From the first line of the listing below through the line with "他說,消拯員抵達現場發現,一", transcribe exactly and skip the pictures.

-- Given material --
+ + + + +

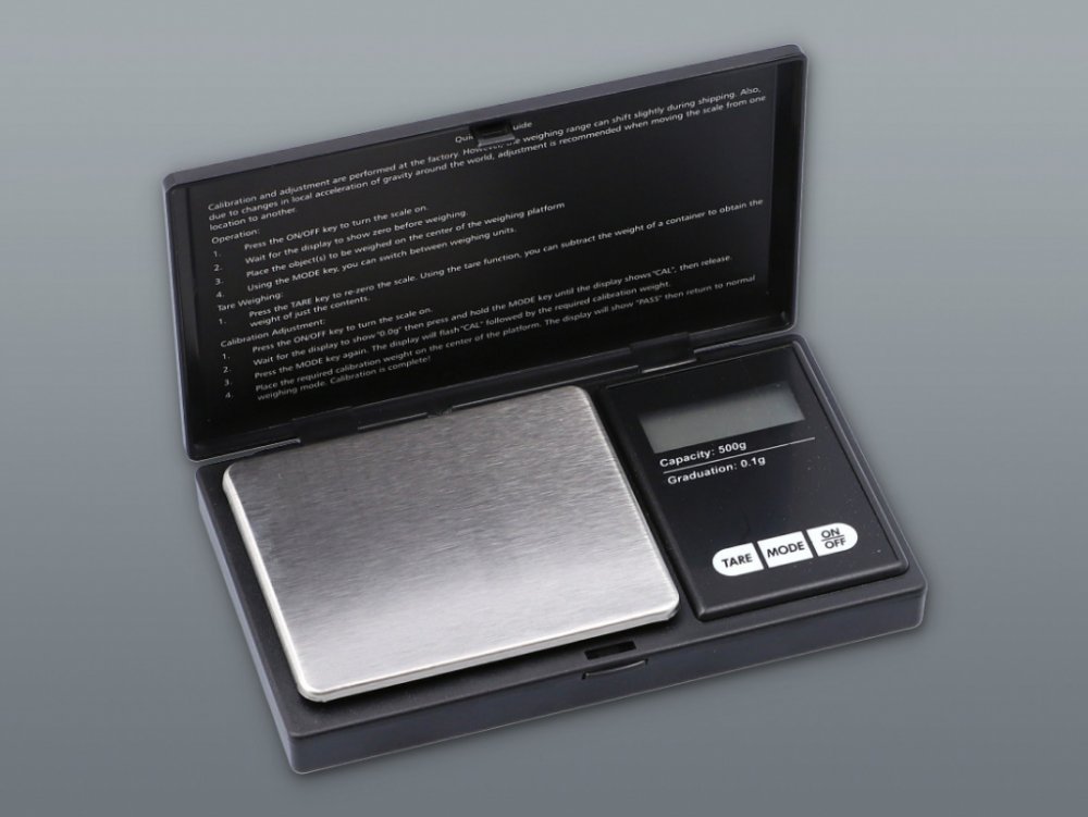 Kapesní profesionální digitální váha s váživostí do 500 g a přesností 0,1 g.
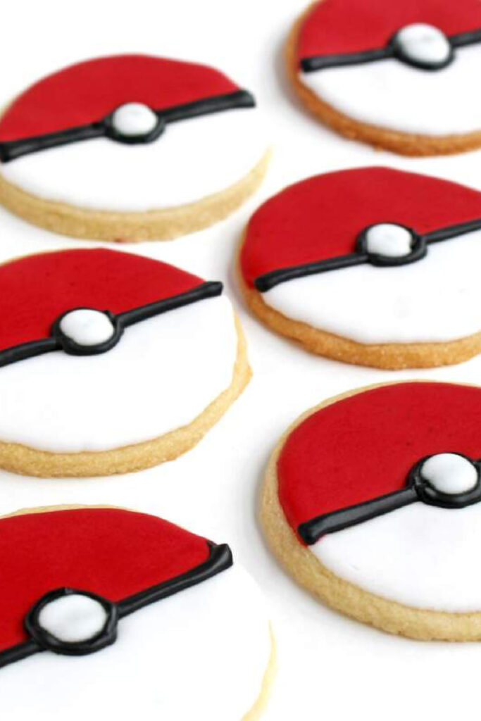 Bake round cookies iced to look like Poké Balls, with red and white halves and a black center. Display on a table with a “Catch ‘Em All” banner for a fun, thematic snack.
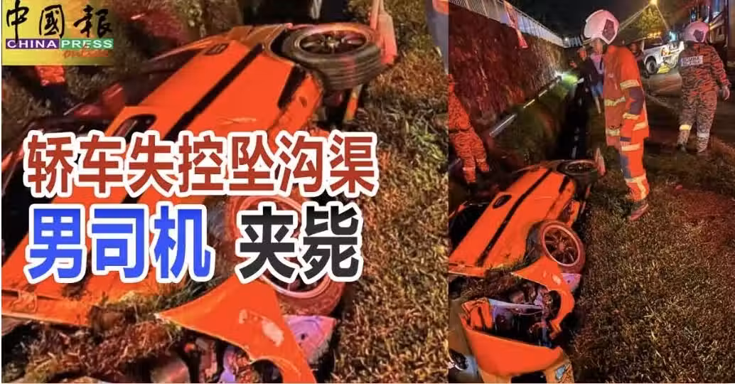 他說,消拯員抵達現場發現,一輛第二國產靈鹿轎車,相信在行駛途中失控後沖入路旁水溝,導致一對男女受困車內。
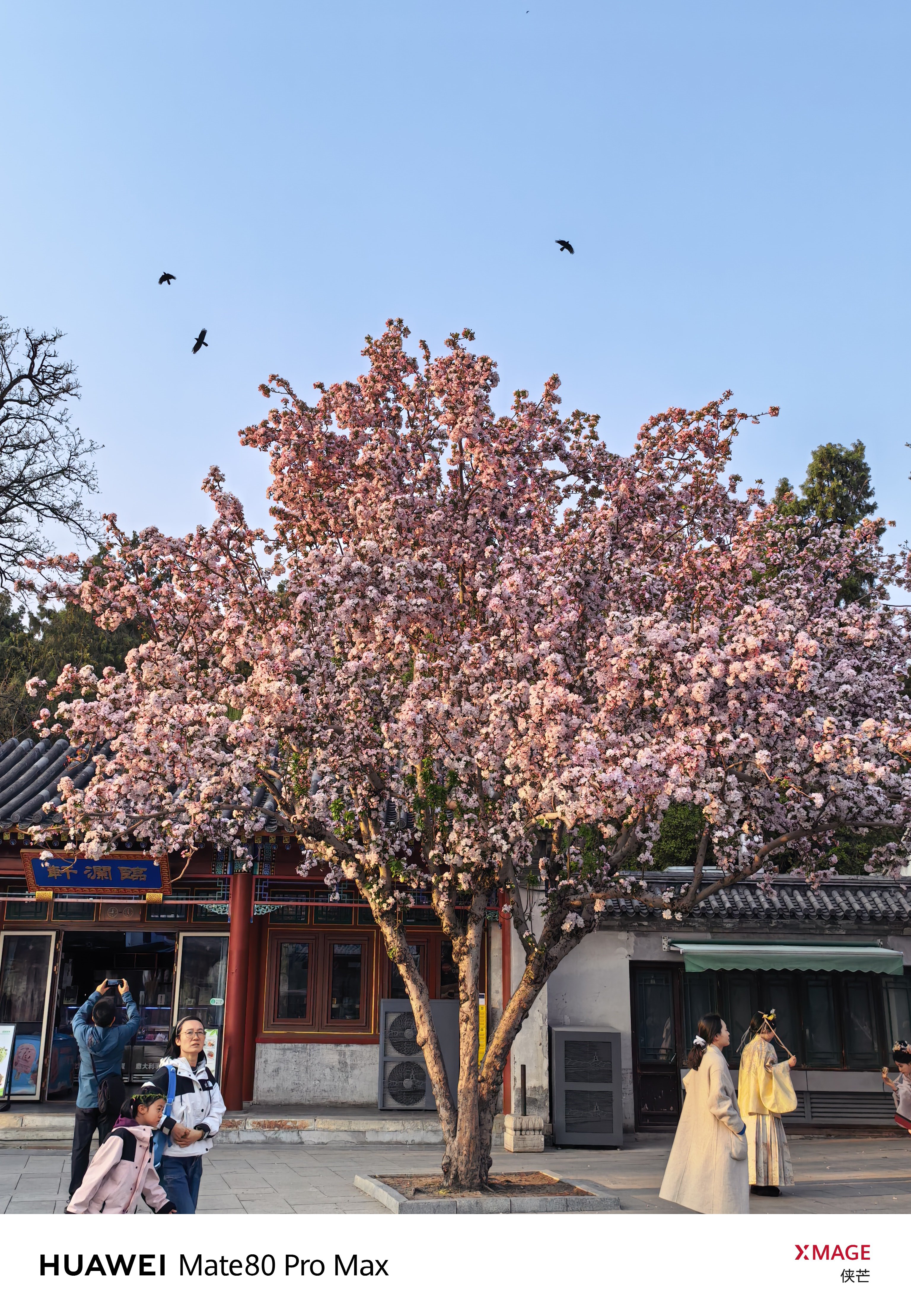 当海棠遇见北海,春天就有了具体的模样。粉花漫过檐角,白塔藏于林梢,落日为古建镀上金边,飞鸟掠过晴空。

+ + + + +

-- Answer section --
 Kapesní profesionální digitální váha s váživostí do 500 g a přesností 0,1 g.
 Bake round cookies iced to look like Poké Balls, with red and white halves and a black center. Display on a table with a “Catch ‘Em All” banner for a fun, thematic snack.
 他說,消拯員抵達現場發現,一輛第二國產靈鹿轎車,相信在行駛途中失控後沖入路旁水溝,導致一對男女受困車內。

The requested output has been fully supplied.